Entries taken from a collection
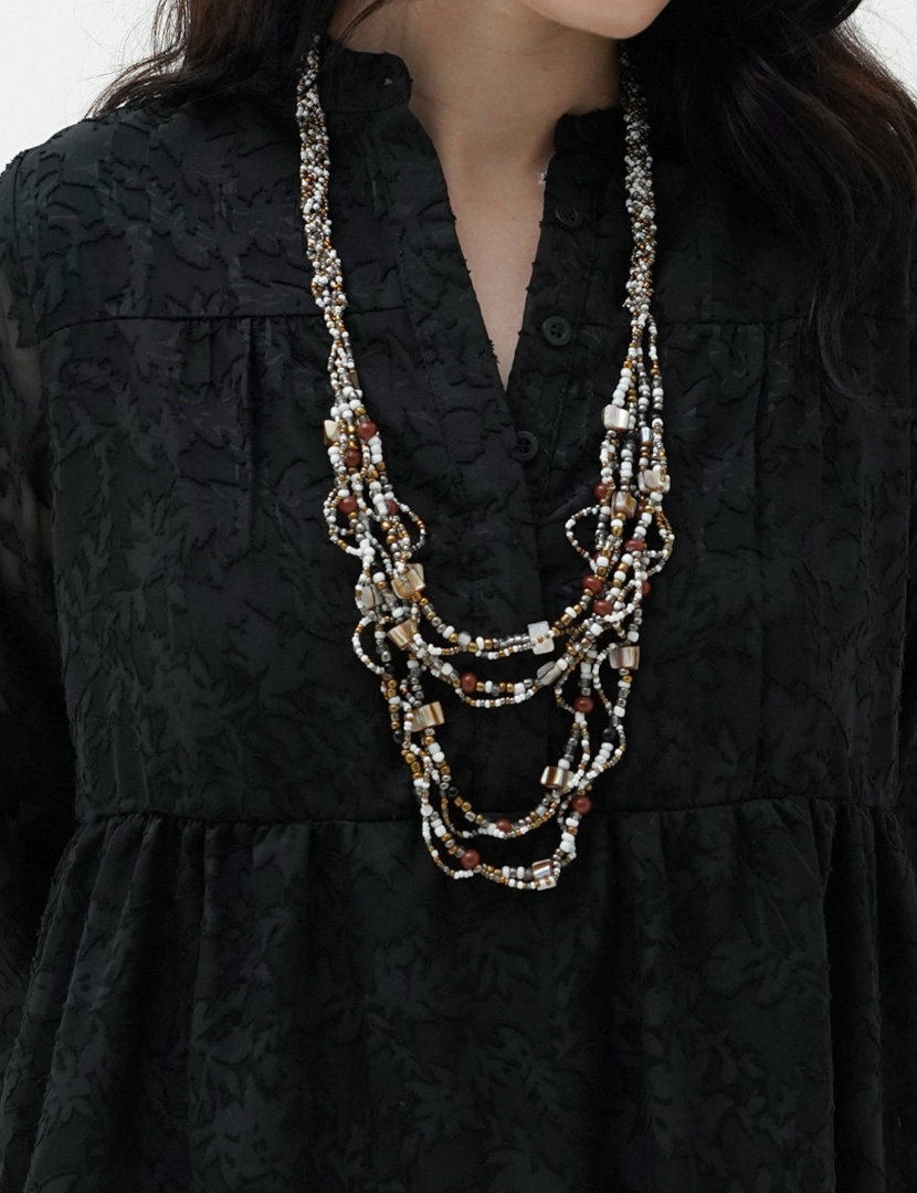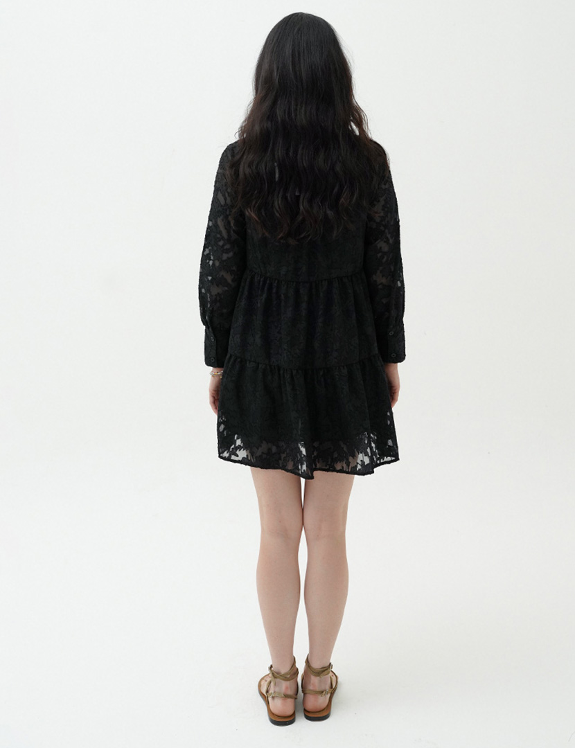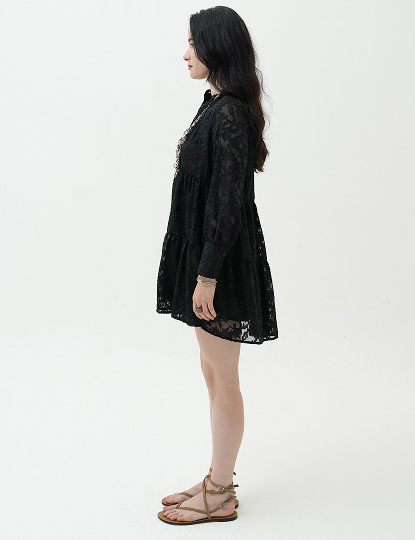 Mini Oversized Dress combined with long puffy sleeve. Lace Fabric and Layered design featuring front button for the opening.
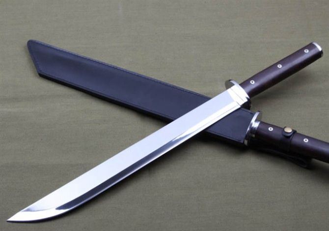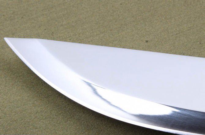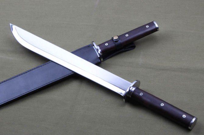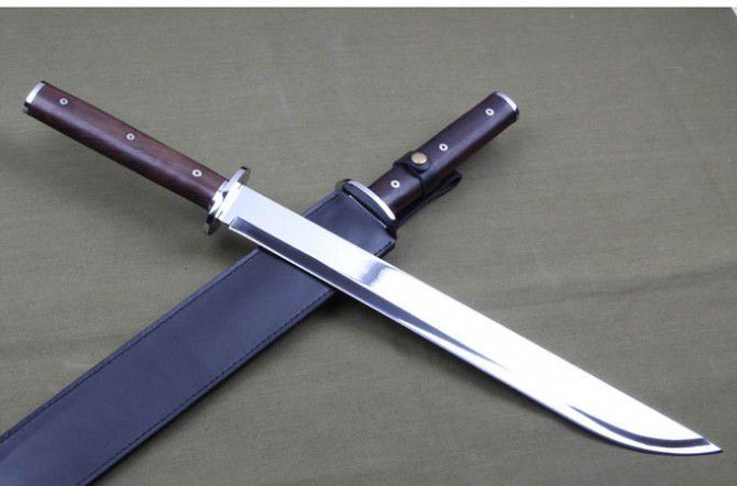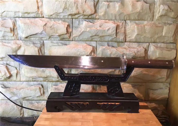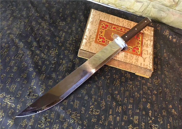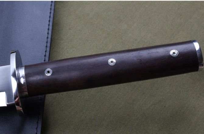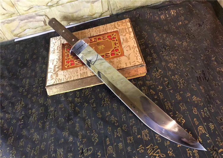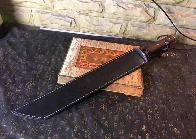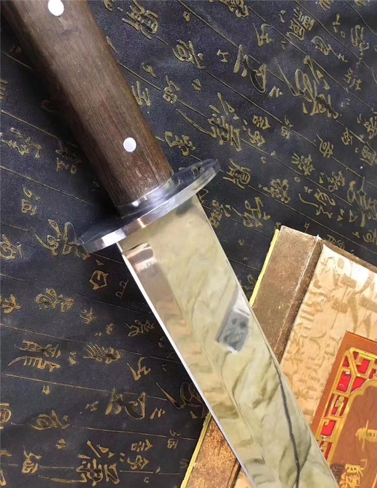 明朝锦衣卫佩刀 (镜光 尖头) 全 长:705mm 刃 长:475mm 柄 长:198mm 刃 宽:50mm 刃 厚:6.5mm 刃 材:5Cr13Mov 重 量:1700g(含包装) 硬 度:57HRC 表 面:镜光 柄 材:黑檀木 锁 型:定锁 其 他:配皮套
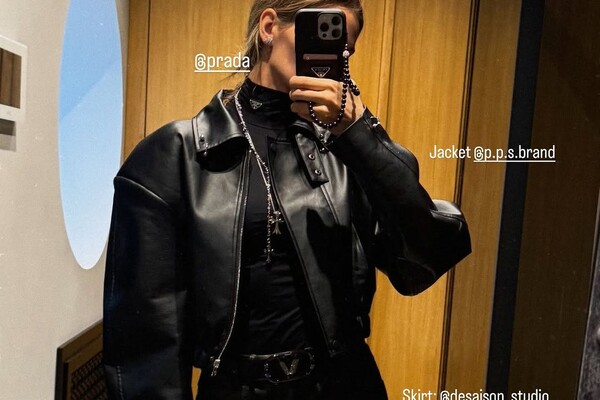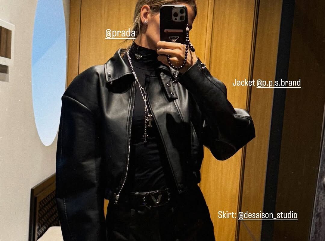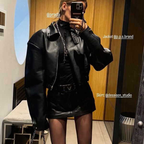Алеся Кафельникова позировала в черной кожаной мини-юбке, бомбере и водолазе. Образ дополнила сумка Chanel, стоимость которой составляет 440 тысяч рублей.
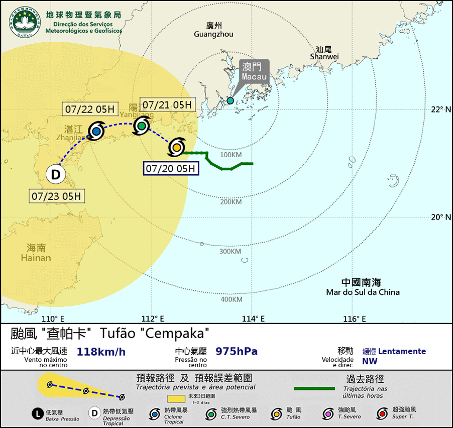 台风「查帕卡」于19日晚间虽然显着增强,但其暴风圈只保持较小的范围,并采取较预期偏西的方向移动,与本澳保持超过140公里以上距离,较预期远,因此预料早上风力进一步增强的可能性较低,三号风球将于在早上维持。预料「查帕卡」日间逐渐接近阳江沿岸,除非「查帕卡」再次转向采取接近澳门的路径移动,否则需要改发更高风球的机会不大。由于「查帕卡」的强度和路径仍存在不确定性,市民继续保持警觉及留意最新风暴消息。
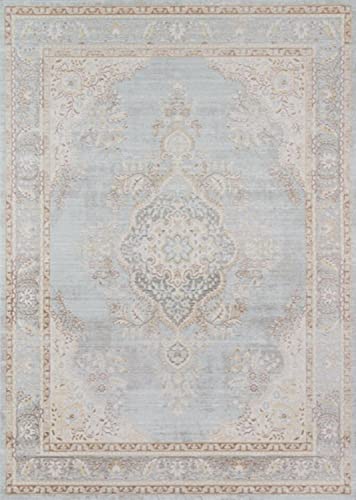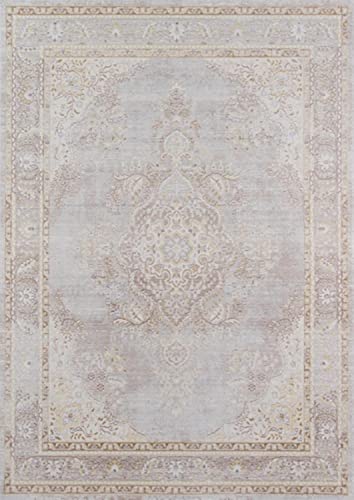 Zala Living Glorious Orient Rug - Oriental Rug Orient Design Tightly Woven Vintage Short Pile Flat Weave Living Room Rug for Dining Room, Living Room, Bedroom - Grey Cream, 140 x 200 cm
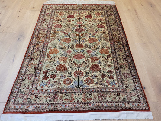 Ghom Seidenteppich 194x130 cm Seide auf Seide feine Knüpfkunst
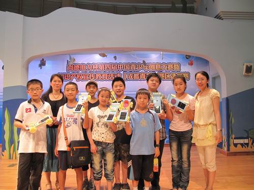 胜西小学继去年成功协助青羊区教育局举行了第三届中国青少年创意大赛成都青羊赛区现场选拔赛,在比赛中以小学组总分第一荣获团体一等奖后。今年又组队参加了在 泡桐树小学西区体育馆举行的第四届中国青少年创意大赛成都青羊赛区现场选拔赛,参赛的十名孩子,在“太阳能小车创意拼装设计”和“太阳能小车竞速比赛”均 发挥出色,再次以总分第一的好成绩荣获团体一等奖。参赛的同学如下:何毅韬、陈秋雨、黎钧天、李济良、杨帅、张栩霖、王裕安、茅傲岳、姚思舟、杨小昊。
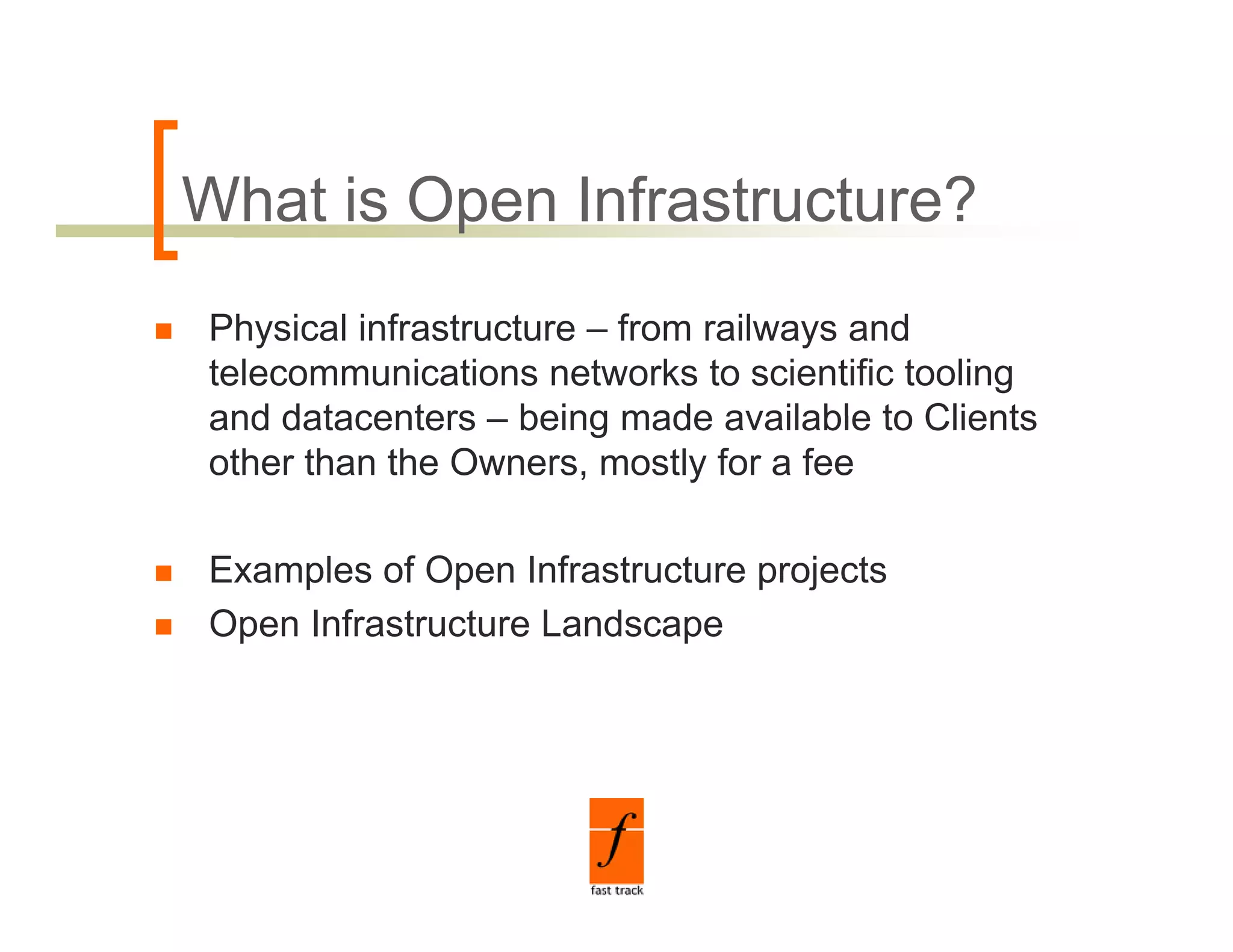 The document discusses the concept of open infrastructure, which refers to making physical infrastructure accessible to various clients, often for a fee. It provides examples of different open infrastructure projects, such as Berkeley Open Infrastructure for Network Computing, UNICORE/OMII for supercomputing resources, and UTOPIA for fiber access in Utah. These projects aim to promote competition, scientific research, and technological advancement while differing in ownership structures and funding sources.
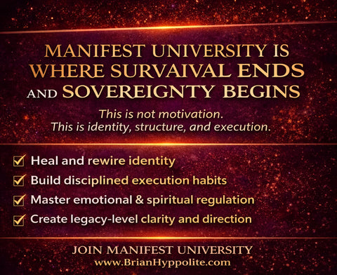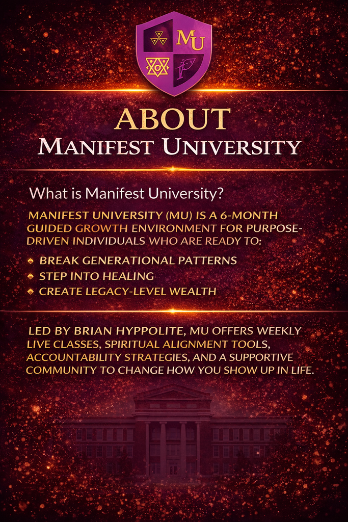 Led by Brian Hyppolite, The Manifest Mentor, author, teacher, and architect of generational healing systems, MU gives you the tools, structure, and support to move from survival mode to sovereign living.
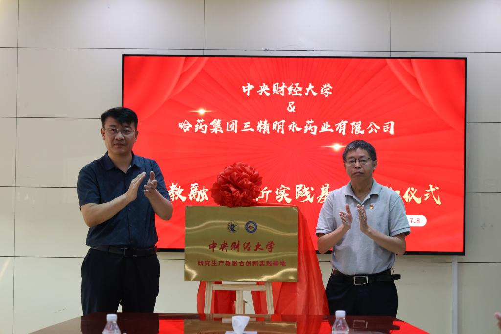 哈药三精明水药业党委副书记张伟与WILLIAMHILL在线体育投注副经理伏霖签署合作共建协议。副县长李艳昌与WILLIAMHILL在线体育投注经济史教工党支部书记兰日旭共同为实践基地揭牌。
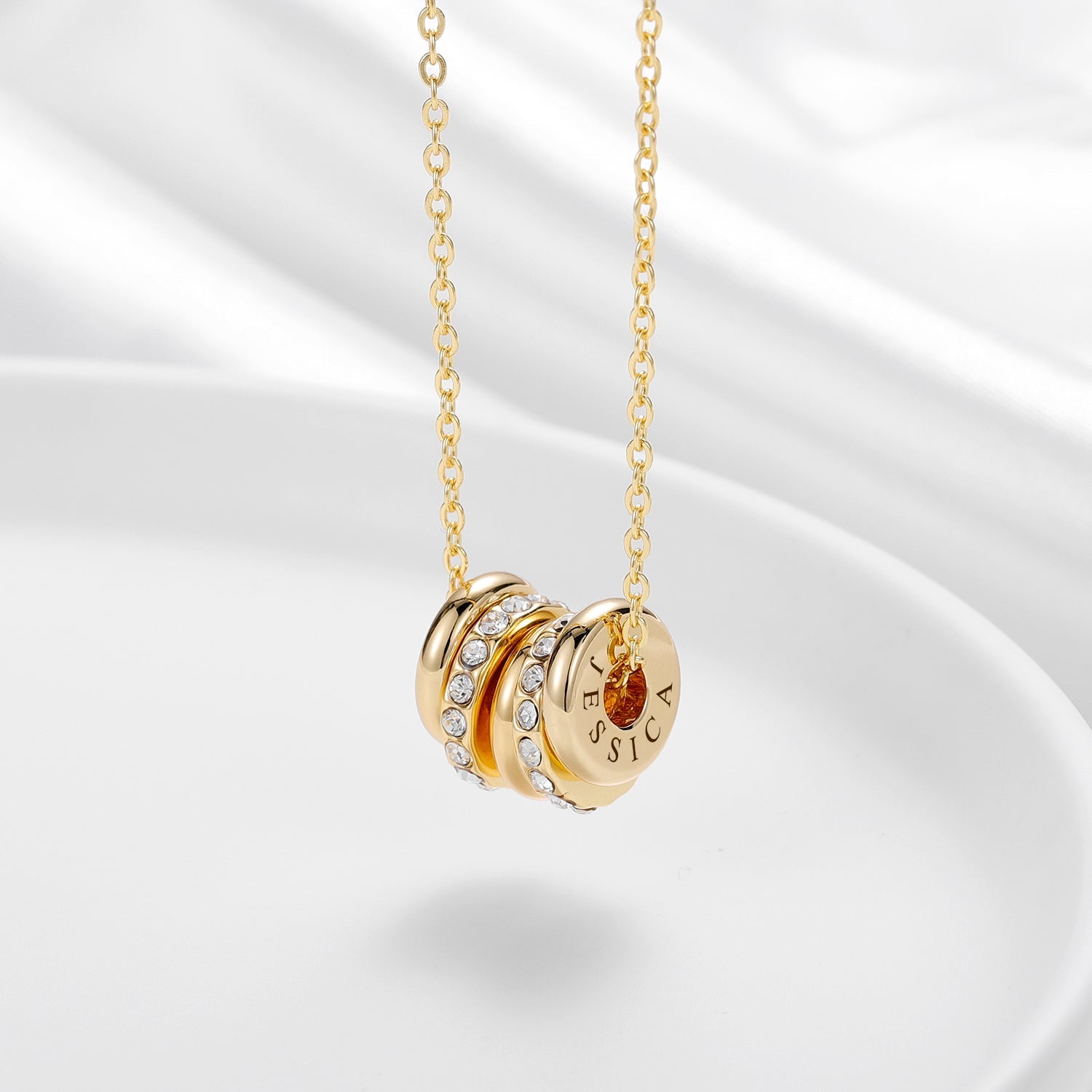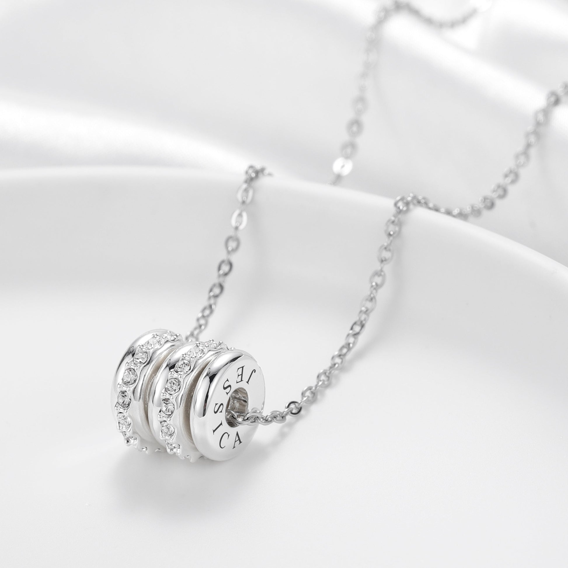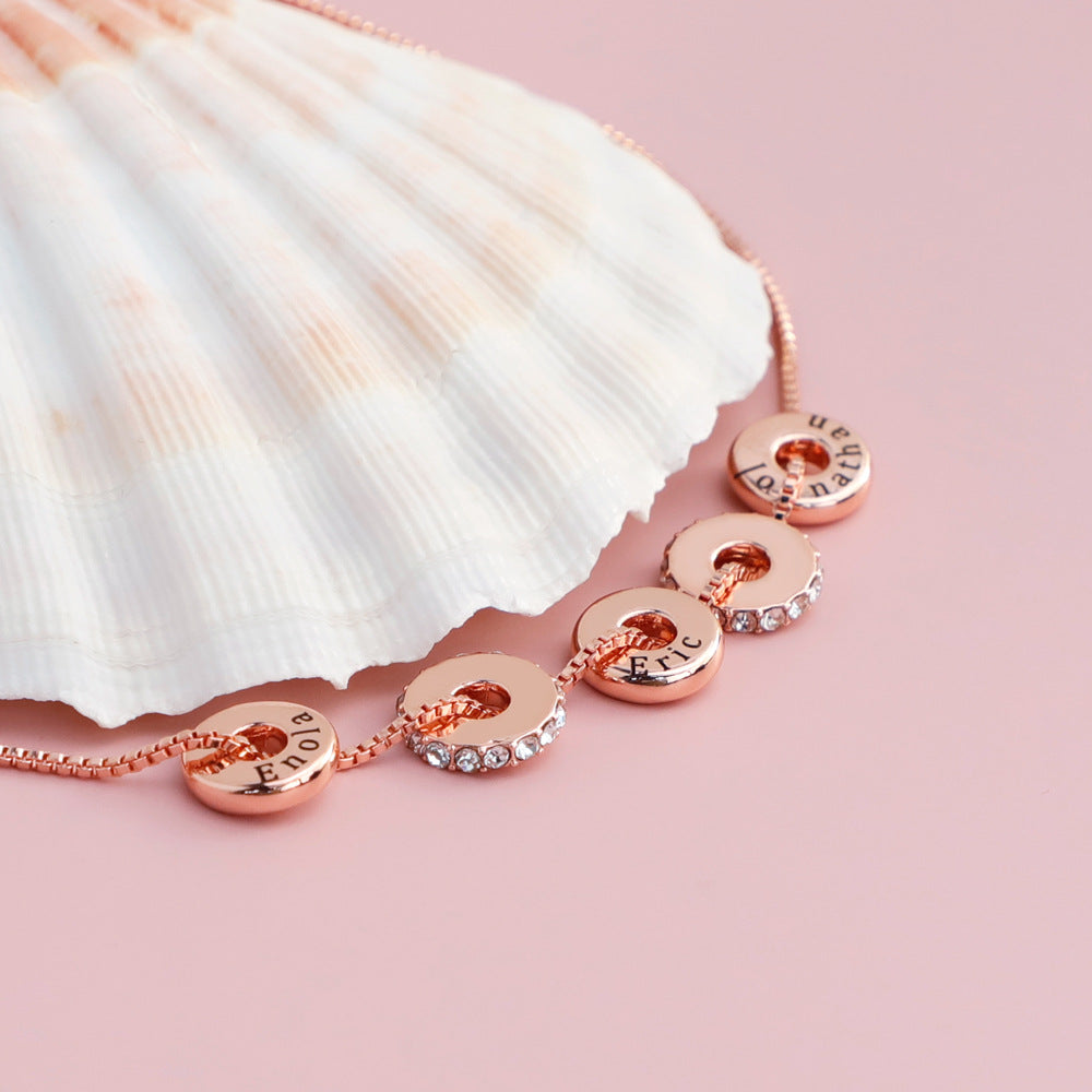 Personalized Engraved Name Crystal Disc Pendants Necklace

• **ACTIVITY**:
Each entry above must be printed exactly, apart from its pictures.

• **RESPONSE FOR THIS EXERCISE**:
 Mini Oversized Dress combined with long puffy sleeve. Lace Fabric and Layered design featuring front button for the opening.
 明朝锦衣卫佩刀 (镜光 尖头) 全 长:705mm 刃 长:475mm 柄 长:198mm 刃 宽:50mm 刃 厚:6.5mm 刃 材:5Cr13Mov 重 量:1700g(含包装) 硬 度:57HRC 表 面:镜光 柄 材:黑檀木 锁 型:定锁 其 他:配皮套
Алеся Кафельникова позировала в черной кожаной мини-юбке, бомбере и водолазе. Образ дополнила сумка Chanel, стоимость которой составляет 440 тысяч рублей.
 台风「查帕卡」于19日晚间虽然显着增强,但其暴风圈只保持较小的范围,并采取较预期偏西的方向移动,与本澳保持超过140公里以上距离,较预期远,因此预料早上风力进一步增强的可能性较低,三号风球将于在早上维持。预料「查帕卡」日间逐渐接近阳江沿岸,除非「查帕卡」再次转向采取接近澳门的路径移动,否则需要改发更高风球的机会不大。由于「查帕卡」的强度和路径仍存在不确定性,市民继续保持警觉及留意最新风暴消息。
 Zala Living Glorious Orient Rug - Oriental Rug Orient Design Tightly Woven Vintage Short Pile Flat Weave Living Room Rug for Dining Room, Living Room, Bedroom - Grey Cream, 140 x 200 cm
 Ghom Seidenteppich 194x130 cm Seide auf Seide feine Knüpfkunst
 胜西小学继去年成功协助青羊区教育局举行了第三届中国青少年创意大赛成都青羊赛区现场选拔赛,在比赛中以小学组总分第一荣获团体一等奖后。今年又组队参加了在 泡桐树小学西区体育馆举行的第四届中国青少年创意大赛成都青羊赛区现场选拔赛,参赛的十名孩子,在“太阳能小车创意拼装设计”和“太阳能小车竞速比赛”均 发挥出色,再次以总分第一的好成绩荣获团体一等奖。参赛的同学如下:何毅韬、陈秋雨、黎钧天、李济良、杨帅、张栩霖、王裕安、茅傲岳、姚思舟、杨小昊。
 The document discusses the concept of open infrastructure, which refers to making physical infrastructure accessible to various clients, often for a fee. It provides examples of different open infrastructure projects, such as Berkeley Open Infrastructure for Network Computing, UNICORE/OMII for supercomputing resources, and UTOPIA for fiber access in Utah. These projects aim to promote competition, scientific research, and technological advancement while differing in ownership structures and funding sources.
 Led by Brian Hyppolite, The Manifest Mentor, author, teacher, and architect of generational healing systems, MU gives you the tools, structure, and support to move from survival mode to sovereign living.
 哈药三精明水药业党委副书记张伟与WILLIAMHILL在线体育投注副经理伏霖签署合作共建协议。副县长李艳昌与WILLIAMHILL在线体育投注经济史教工党支部书记兰日旭共同为实践基地揭牌。
 Personalized Engraved Name Crystal Disc Pendants Necklace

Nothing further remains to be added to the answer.